BY JAMES LOEWENSTEIN
Daily and Sunday Review
The 2004 methamphetamine-manufacturing conviction of Cory Dobbins, 33, of Troy attained statewide importance when the Pennsylvania Supreme Court ruled last November that critical evidence in the case could not be used against him.
The evidence was gathered by Bradford County sheriff’s deputies, and the Supreme Court ruled that the state’s illegal drug law does not permit sheriff’s deputies to investigate crimes that occur outside their presence, which is the type of investigation that had occurred in the Dobbins case.
Following the Supreme Court ruling, Pennsylvania’s Superior Court suppressed all evidence gathered against Dobbins by the Bradford County Sheriff’s Department, vacated Dobbins’ four-to-23 year sentence, and sent the case back to trial court in Bradford County.
On Monday, the case was re-tried in the Bradford County Court of Common Pleas, and at the end of the trial, the jury found Dobbins guilty of all the charges that had originally been lodged against him, said Bradford County District Attorney Daniel Barrett.
“Dobbins won in the Supreme Court, but all he won was a new trial,” said Barrett, when asked to comment on the case.
Dobbins’ arrest occurred when Bradford County deputies went to a private residence near Troy in July 2003, seeking to question a woman in a drug investigation. At the time they detected a chemical smell coming from a barn. They approached Cory J. Dobbins, who escaped on foot, and then came across items used to manufacture methamphetamine before obtaining a search warrant.
Dobbins was arrested less then two weeks later in Elmira, N.Y., and was subsequently convicted of methamphetamine-related offenses.

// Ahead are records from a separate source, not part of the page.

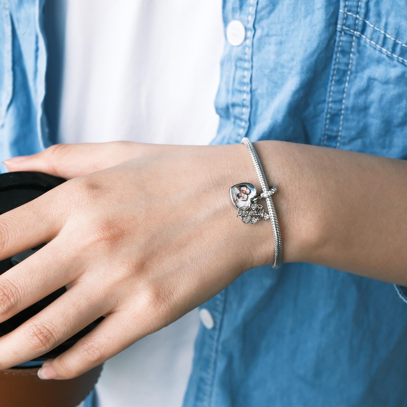 Celebrate your family with our custom photo charm delicate heart. This unique and thoughtful gift allows you to personalize it with a cherished photo. Crafted with love, this creative gift is perfect for birthdays, anniversaries, or any special occasion. Show your loved ones how much they mean to you with this personalized keepsake. Order yours today!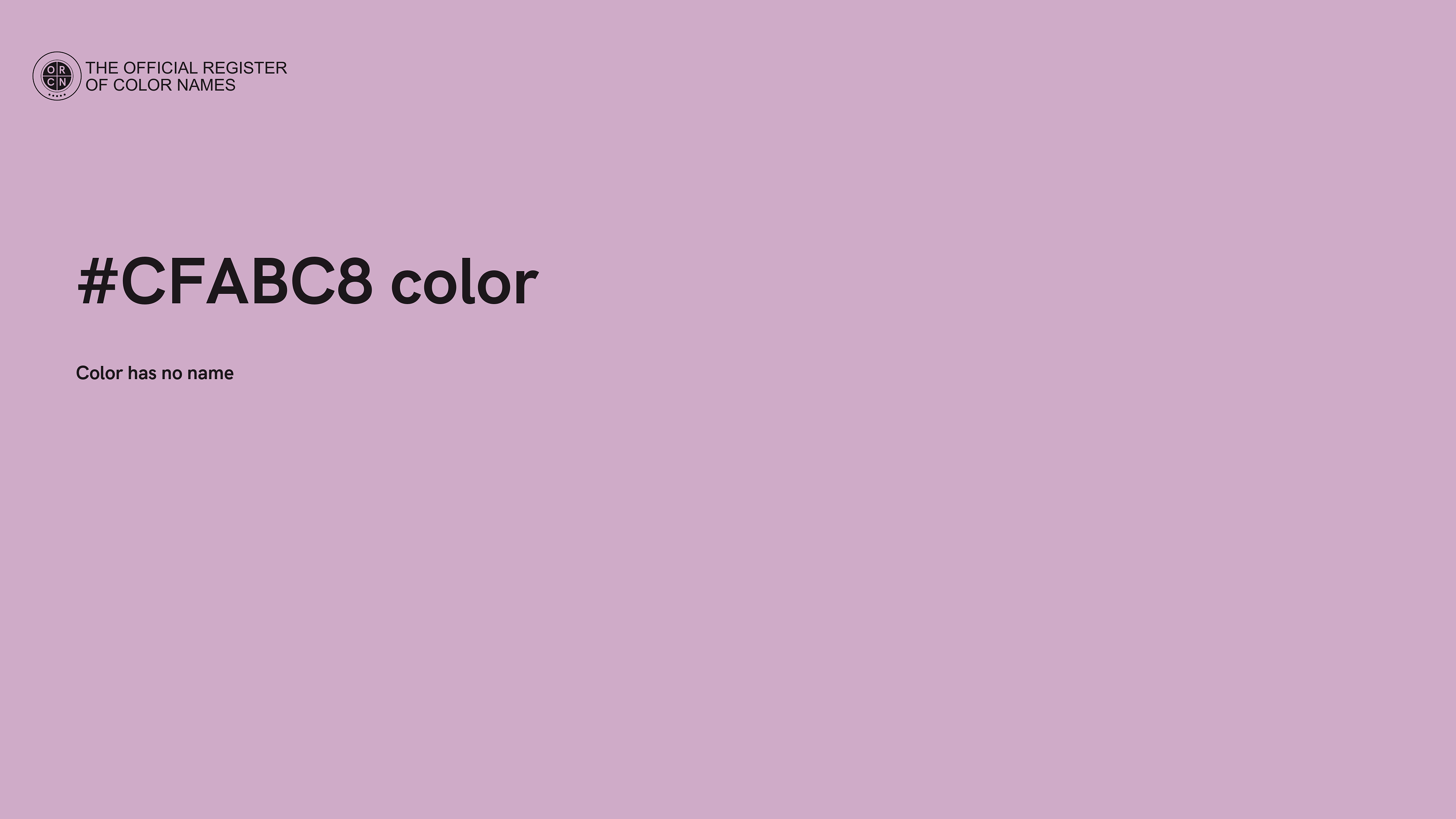 The digital color HEX #CFABC8 belongs to the Magenta Color Family featuring Mild Saturation (Saturation Family) and Very Light (Brightness Family).
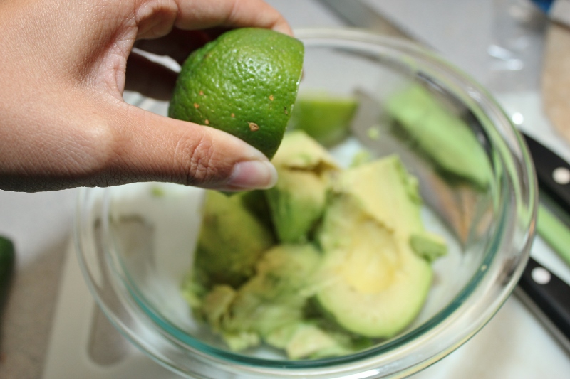 - Cut the avocados in half and scoop the squishy green parts into a bowl. Mash them up to your desired consistency. Stir in the lime juice to keep the avocado from turning brown while you work.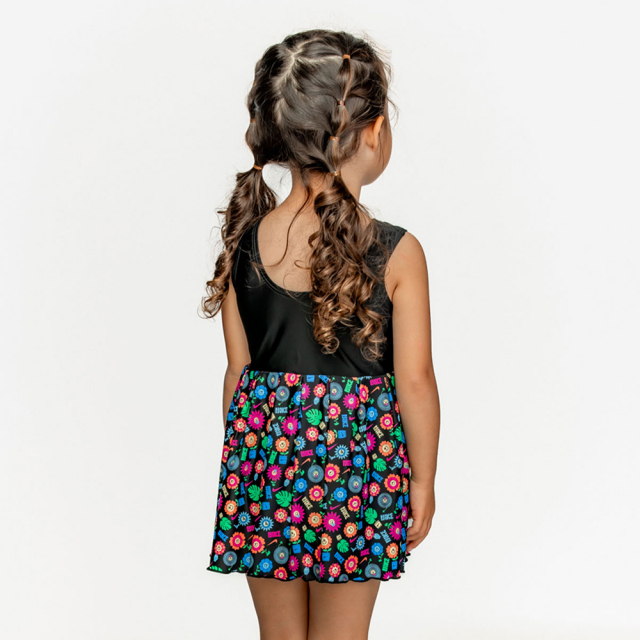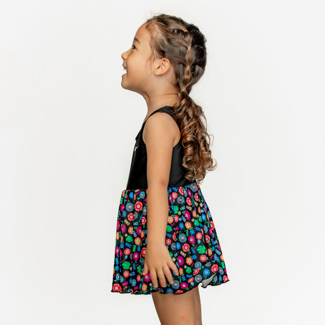 初めてのプールや海におすすめ、ワンピース水着。一体型なのでアクティブな動きにもフィットし、お着替えも簡単。バストとクロッチ部分は裏地つき。※モデル 身長100cm 着用サイズ100cm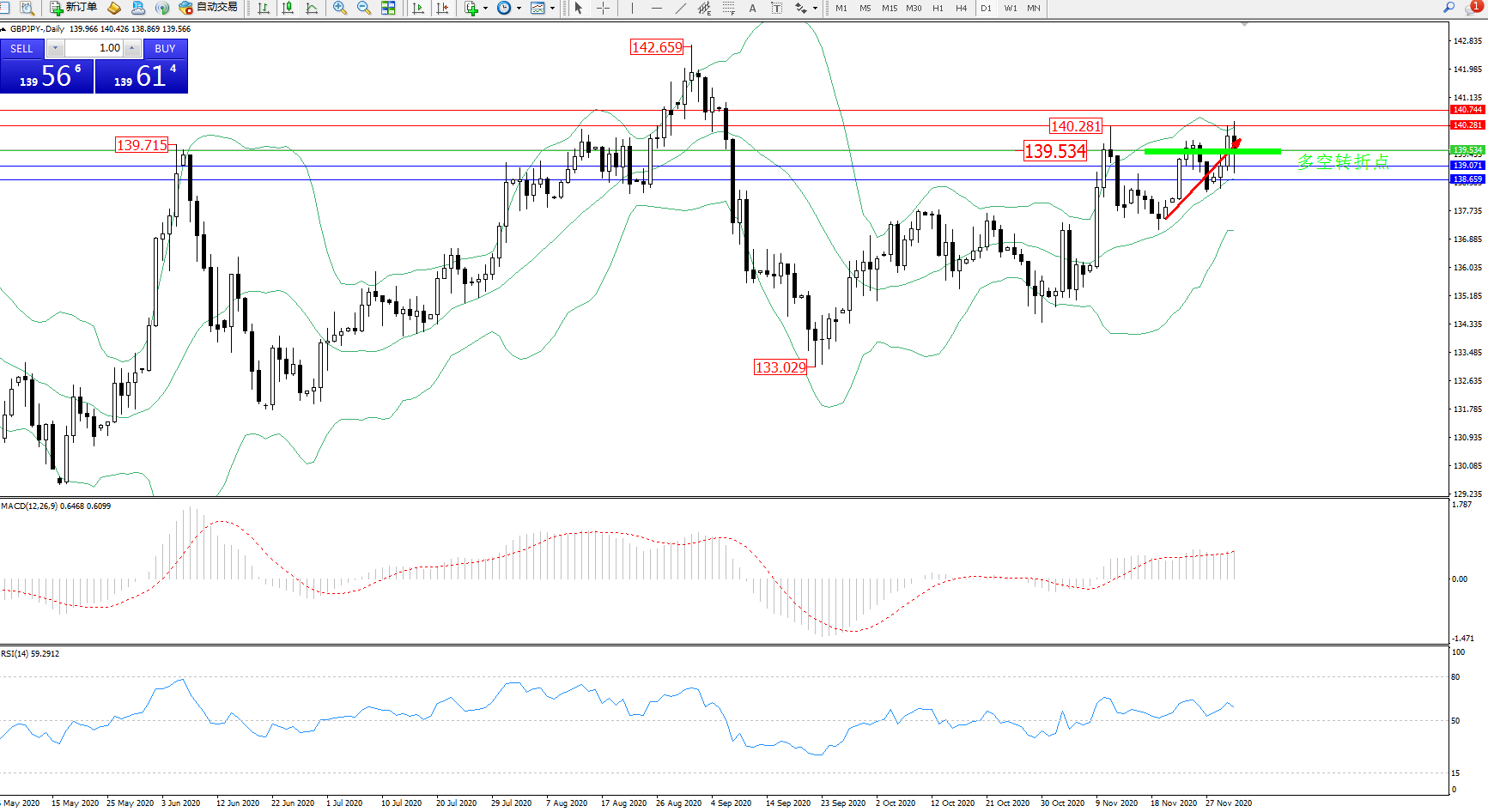 交易策略:139.534上方看涨,目标140.281、140.744

Barrett said it was a challenge to re-try Dobbins because so much of the evidence and testimony used at Dobbins’ original trial could no longer be used, including the physical evidence gathered at the scene by the sheriff’s department, Barrett said.
In this week’s trial, the district attorney’s office relied heavily on the testimony of others involved with Dobbins in manufacturing meth, Barrett said.
With the passage of time, more of them were willing to testify, he said.
Also testifying at this week’s trial was state police fire marshal Robert McKee, who reported during the proceedings that when he was investigating a fire on the same property in June 2003, he found items that suggested that methamphetamine manufacturing was going on on the property, Barrett said.
Barrett said he appointed Bradford County Sheriff’s Deputies David Hart and Jamie Lammy as special deputy county detectives so that they could help coordinate the preparations for this week’s trial,
“They wore the badge of the district attorney’s Office and the county detective’s office in addition to their own,” Barrett said.
The jury found Dobbins guilty this week of manufacturing methamphetamine, possession of methamphetamine, criminal conspiracy, and criminal attempt, Barrett said.
Dobbins’s bail was revoked on Monday, and he is scheduled to be sentenced by Bradford County Court Judge Jeffrey Smith on May 15.